Krebserkrankungen bei Anwendern des Herbizids geht, hat im Kern

Bestand.

Die jüngste Entscheidung des Gerichts ist auch deswegen

aufsehenerregend, weil dieselbe Richterin vor nicht einmal zwei

Wochen eine völlig andere Bewertung in der Causa abgegeben hatte. Vor

der Anhörung der Parteien hatte sie signalisiert, den

Strafschadenersatz aufzuheben und den Prozess vielleicht sogar neu

aufzurollen.

Davon ist jetzt keine Rede mehr. Vielmehr wurde die Strafzahlung

von 250 Mill. Dollar, die Monsanto respektive Bayer zusätzlich zur

Entschädigung von 39 Mill. Dollar aufgebrummt bekam, nur als in der

Höhe nicht gerechtfertigt kassiert. Die Argumentationslinie von

Bayer, nach der soundsoviele Studien die Unbedenklichkeit von

Glyphosat bei sachgerechter Anwendung bescheinigen, hat bei Gericht

offensichtlich nicht überzeugt.

Natürlich ist damit noch kein Nachweis erbracht, dass Glyphosat

tatsächlich Krebs verursachen kann. Auch ist das letzte Wort in dem

Prozess noch nicht gesprochen, hat Bayer doch sogleich Berufung gegen

die Entscheidung angekündigt. Zudem ist das Urteil kein Präjudiz für

weitere Verfahren. Dennoch verschlägt einem allein die Anzahl der

Klagen den Atem: Ende August sprach Bayer von 8700 anhängigen Klagen.

Denn multipliziert mit der auf 78,6 Mill. Dollar verringerten

Schadenersatzsumme ergeben sich 680 Mrd. Dollar. Das ist fast zehnmal

so viel, wie Bayer jetzt noch auf die Waage bringt.

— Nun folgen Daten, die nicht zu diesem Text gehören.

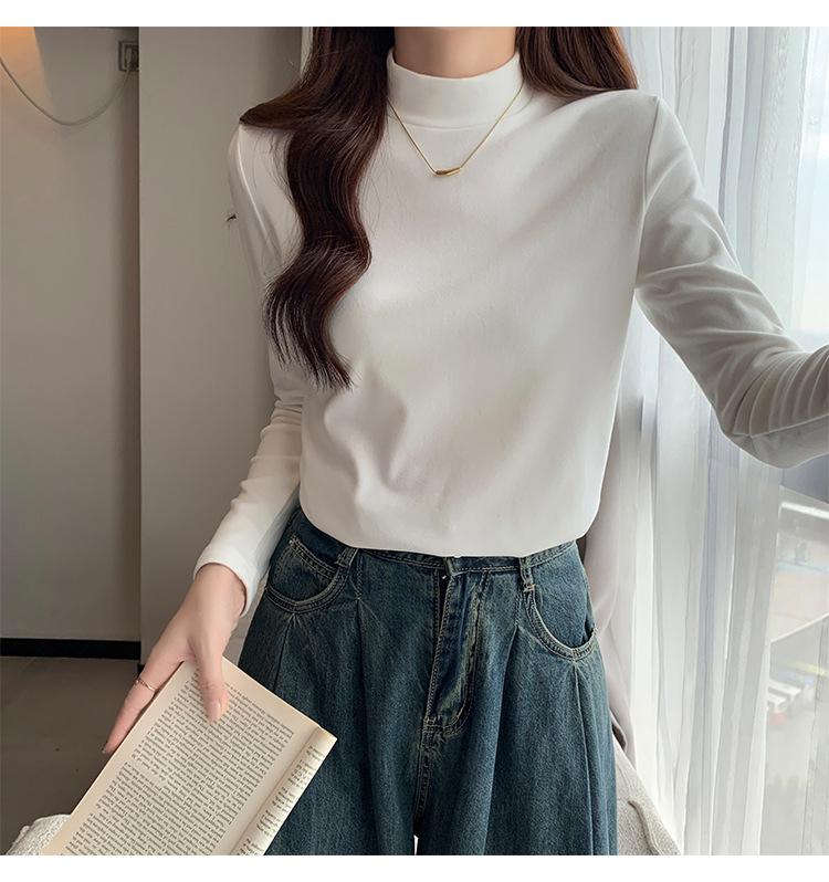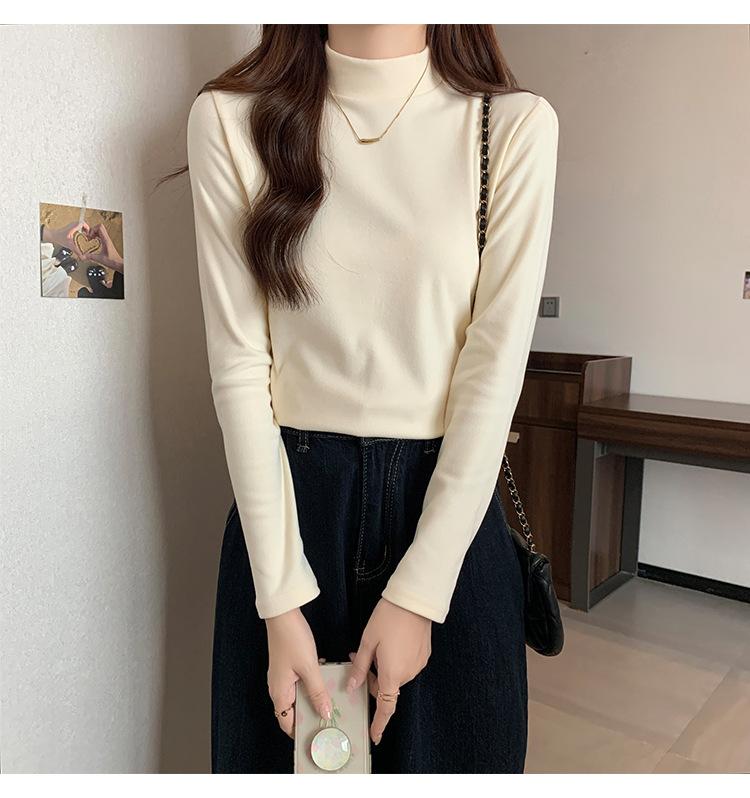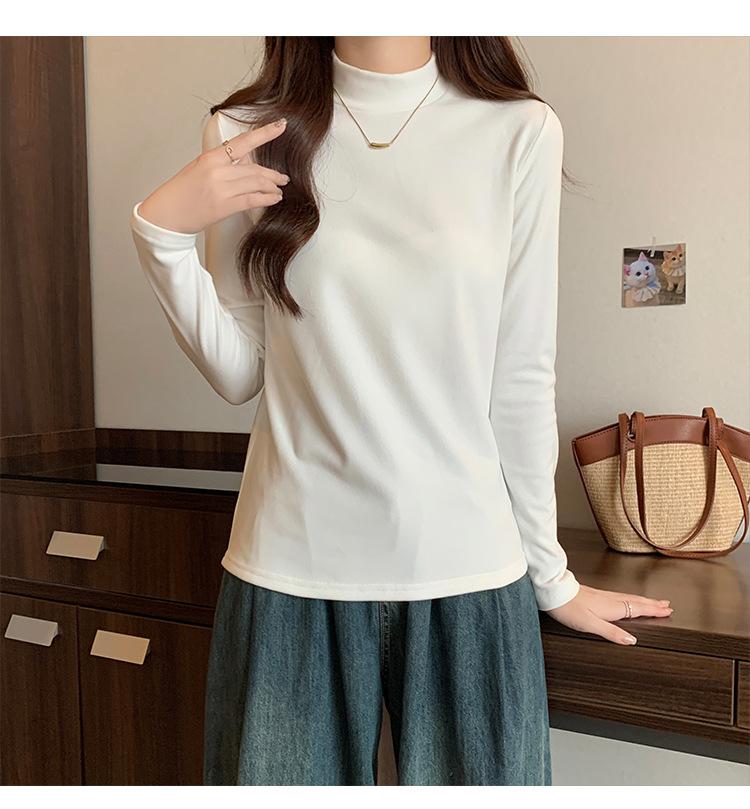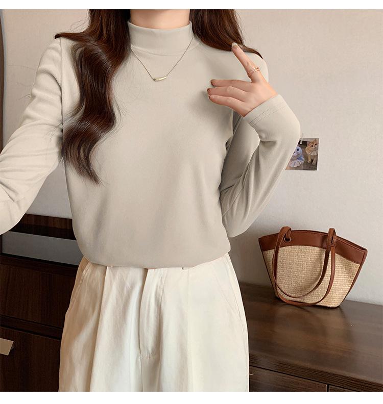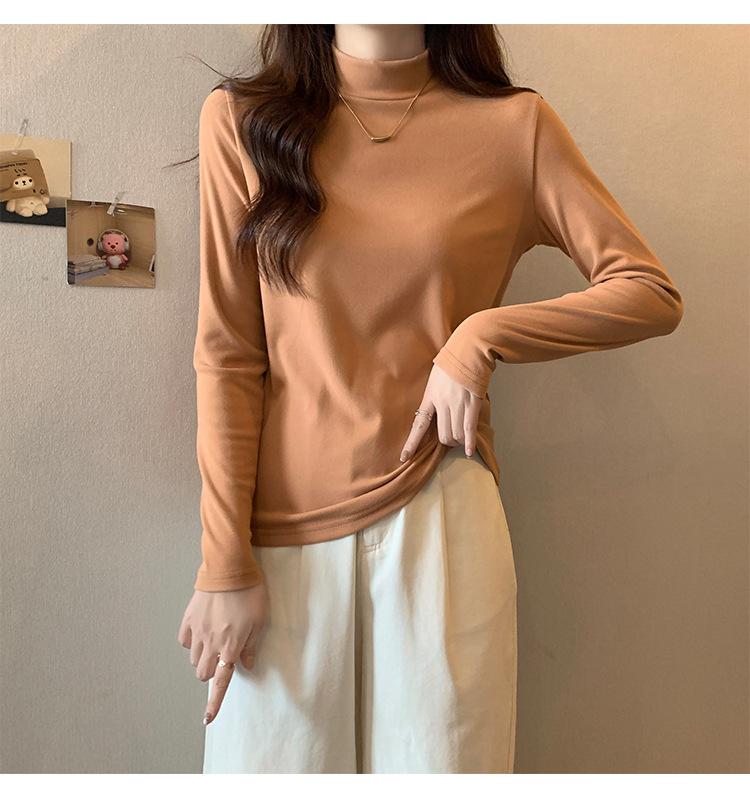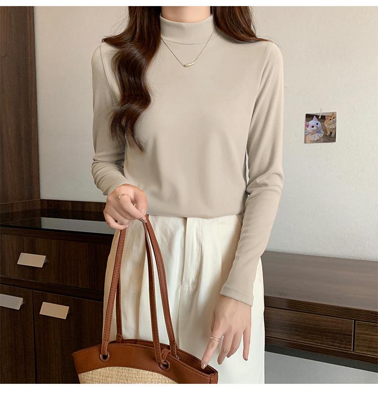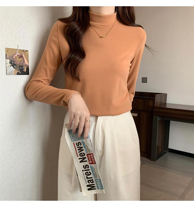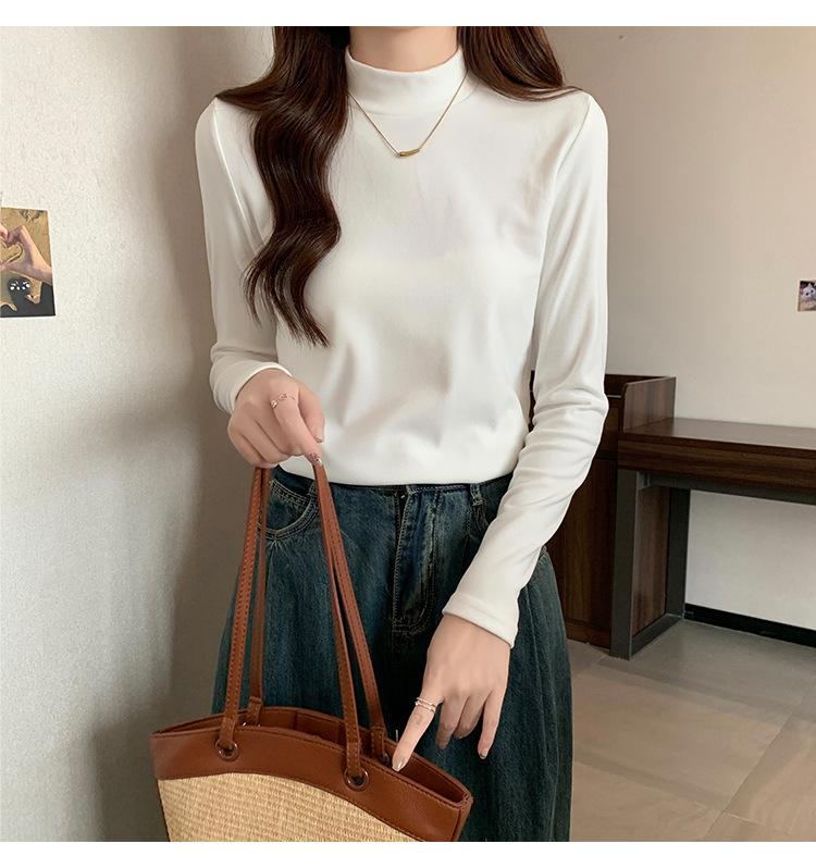 Camiseta básica de cuello alto de terciopelo de doble cara engrosada y cálida para mujer, ropa interior de otoño e invierno con forro polar, moda femenina

Und noch ein Zahlenvergleich, der aufhorchen lässt: Für Monsanto

zahlte Bayer im Sommer umgerechnet 55 Mrd. Euro (inklusive Schulden),

an der Börse bringen die Leverkusener dagegen nur noch gut 63 Mrd.

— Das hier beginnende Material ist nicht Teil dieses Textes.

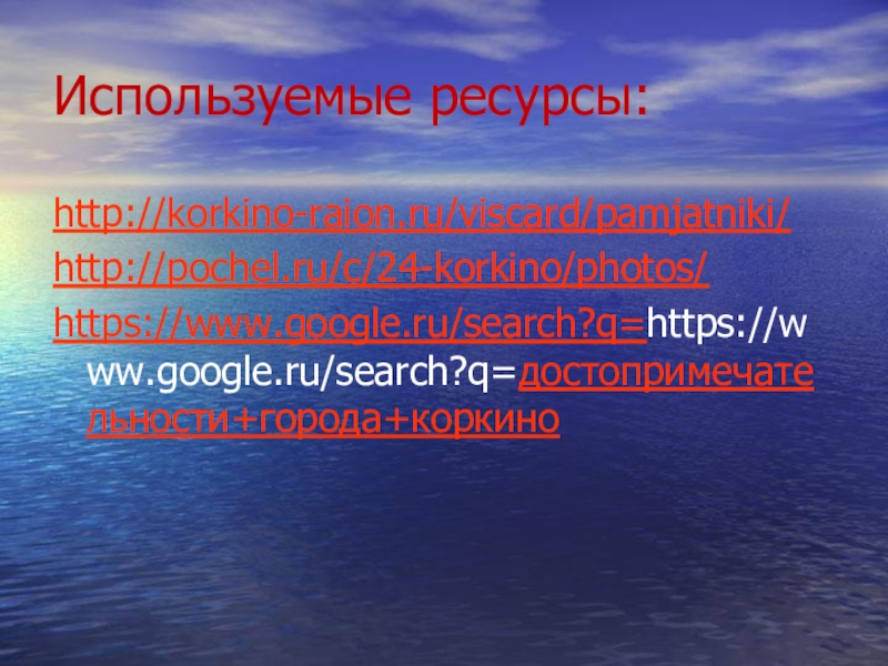 Используемые ресурсы:http://korkino-raion.ru/viscard/pamjatniki/http://pochel.ru/c/24-korkino/photos/https://www.google.ru/search?q=https://www.google.ru/search?q=достопримечательности+города+коркино
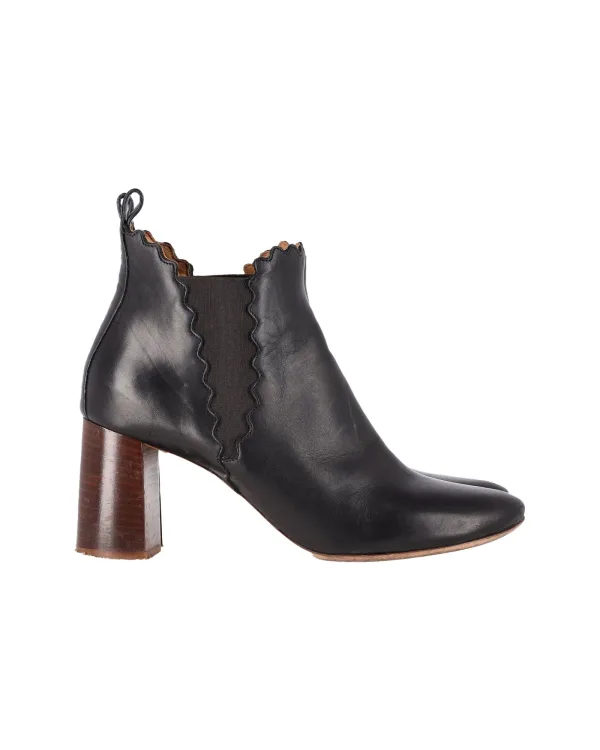 Chloé Scalloped Chelsea Boots in Zwart Leer

Euro auf die Waage, obwohl Bayer das Eigenkapital zur Finanzierung

der Übernahme um 9 Mrd. Euro aufstockte. Die Wertvernichtung ist

beispiellos. Eigentlich wollte Bayer mit der Monsanto-Übernahme in

puncto Wertschaffung alles bisher da gewesene in den Schatten

stellen.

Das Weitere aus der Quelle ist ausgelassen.